DATA FOR THIS TASK: Begin

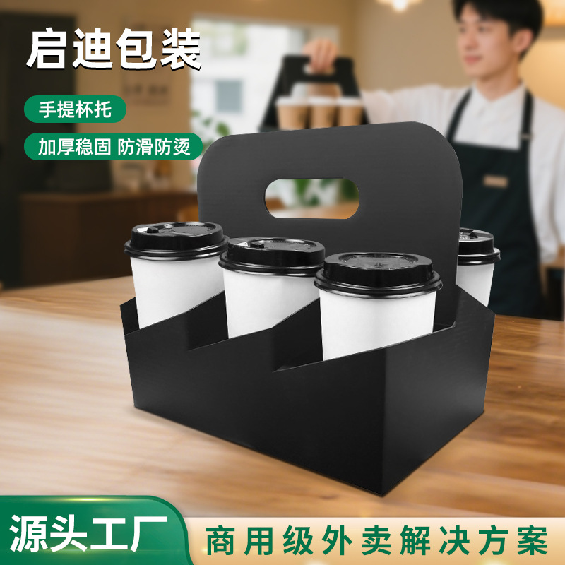 工場卸売厚い段ボールクラフト紙カップホルダー防水コーヒードリンク使い捨て黒ポータブルカップホルダー
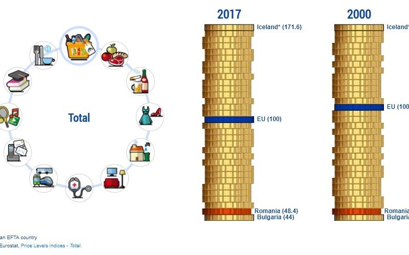 Prețurile din România "au recuperat" în 17 ani 13 puncte procentuale față de media UE, până la 48%, și de șase luni suntem pe primul loc la rata inflației.Între țările membre ale Uniunii Europene există diferențe mari în privința prețurilor la bunuri de consum și servicii.Danemarca și Luxemburg (ambele cu 41% peste media UE) au cele mai ridicate niveluri ale prețurilor la aceste două capitole, potrivit datelor Eurostat pe anul 2017.Pe locurile următoare se află Suedia (35% peste), Irlanda (28% peste), Finlanda (23% peste) și Marea Britanie (17% peste).Cele mai mici niveluri sunt înregistrate în Bulgaria (56% sub media UE), România (52% sub), Polonia (47% sub), Ungaria (42% sub) și Lituania (40% sub media Uniunii Europene).La o privire mai detaliată, Danemarca a fost anul trecut cea mai scumpă țară UE la capitolele "restaurant și hoteluri" (cu prețuri de 51% peste media UE), "hrană" (50% peste), "recreere și cultură" (48% peste), "transport" (28 % peste) și "echipamente de uz casnic" (20% peste).Irlanda a fost cel mai scump stat membru la "băuturi alcoolice și țigări" (74% peste), Luxemburg la "întreținere, apă, gaz, electricitate" (63% peste), Grecia la "comunicații" (54 % peste), Suedia la "îmbrăcăminte și încălțăminte" (34% peste media UE).[caption id="attachment_11546" align="alignnone" width="908"]
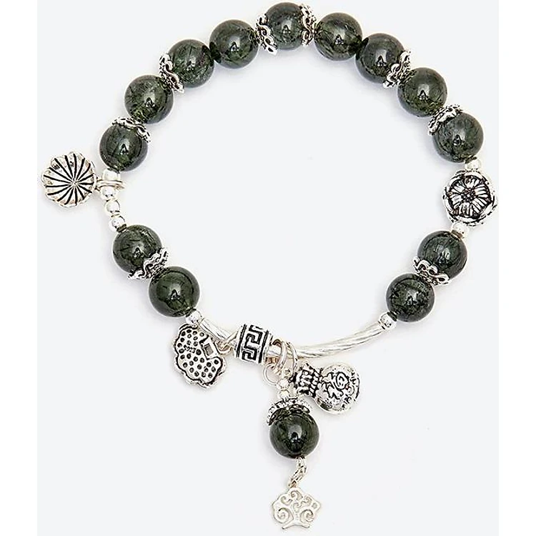 Vòng tay thạch anh tóc xanh phối hoa sen Ngọc Quý Gemstones
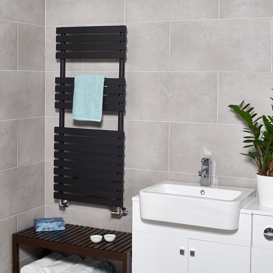 A touch of class. The sleek, tactile bars embrace the vertical columns in a contemporary design to complement any bathroom.
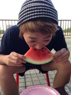 大好きなスイカをほお張る私・・・。
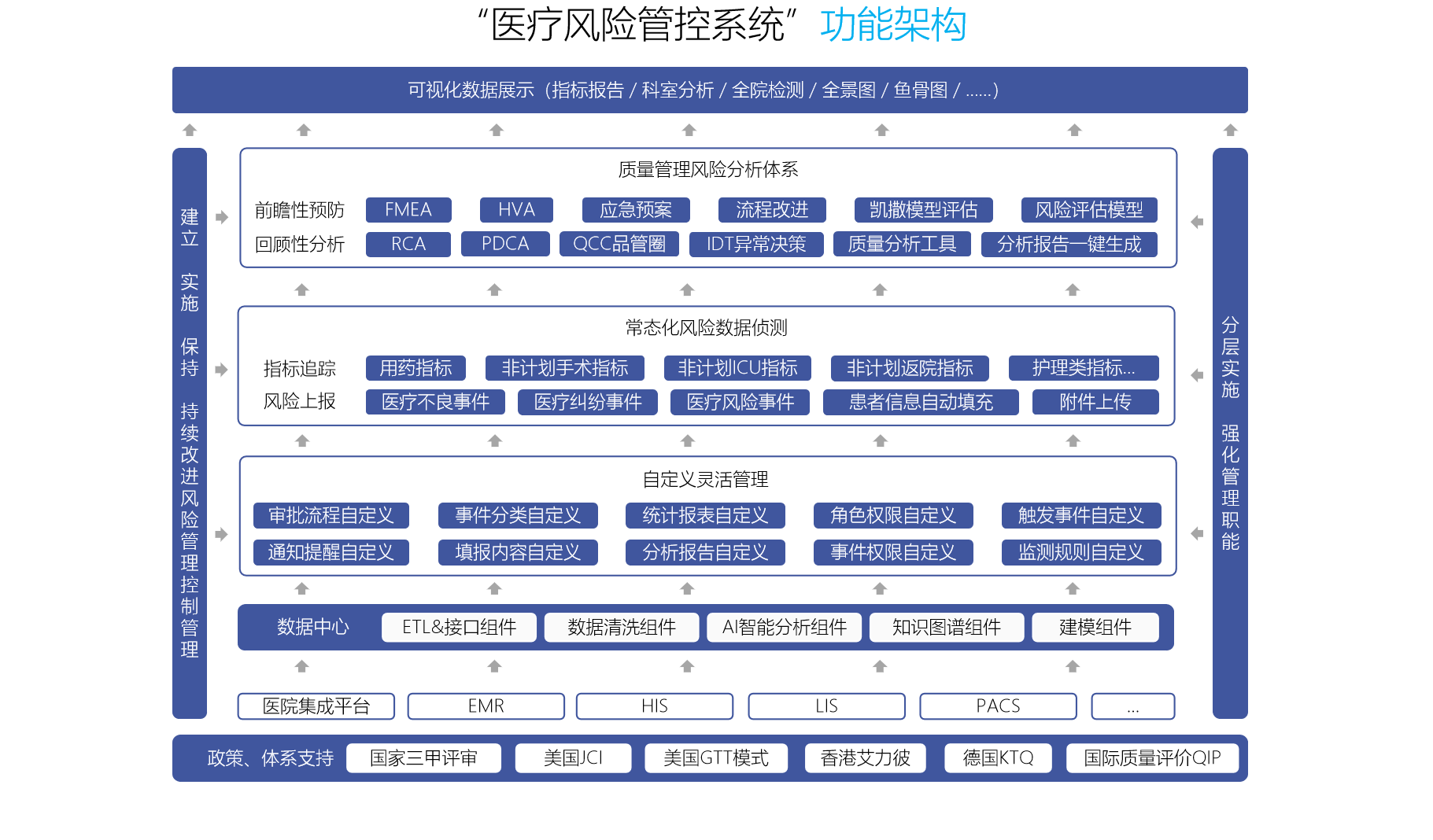 - 为充分发挥风险数据价值,实现医疗风险防范与规避,科进医疗风险管控平台打破传统数据孤岛,支持与风险事件上报、分析与持续改进等系统联动,风险数据自动关联使用,积极创新工作机制和方式方法,注重破除原有管理模式的部门、学科壁垒和工作障碍,提倡多部门、多学科有效协同,提高全院风险管控能力。

DATA FOR THIS TASK: End

*WHAT TO DO:* Begin at the line containing "A touch of class." and transcribe exactly every line through the end of the records, both ends included, leaving the pictures out.

*RESULT BELOW:*
 A touch of class. The sleek, tactile bars embrace the vertical columns in a contemporary design to complement any bathroom.
 大好きなスイカをほお張る私・・・。
 - 为充分发挥风险数据价值,实现医疗风险防范与规避,科进医疗风险管控平台打破传统数据孤岛,支持与风险事件上报、分析与持续改进等系统联动,风险数据自动关联使用,积极创新工作机制和方式方法,注重破除原有管理模式的部门、学科壁垒和工作障碍,提倡多部门、多学科有效协同,提高全院风险管控能力。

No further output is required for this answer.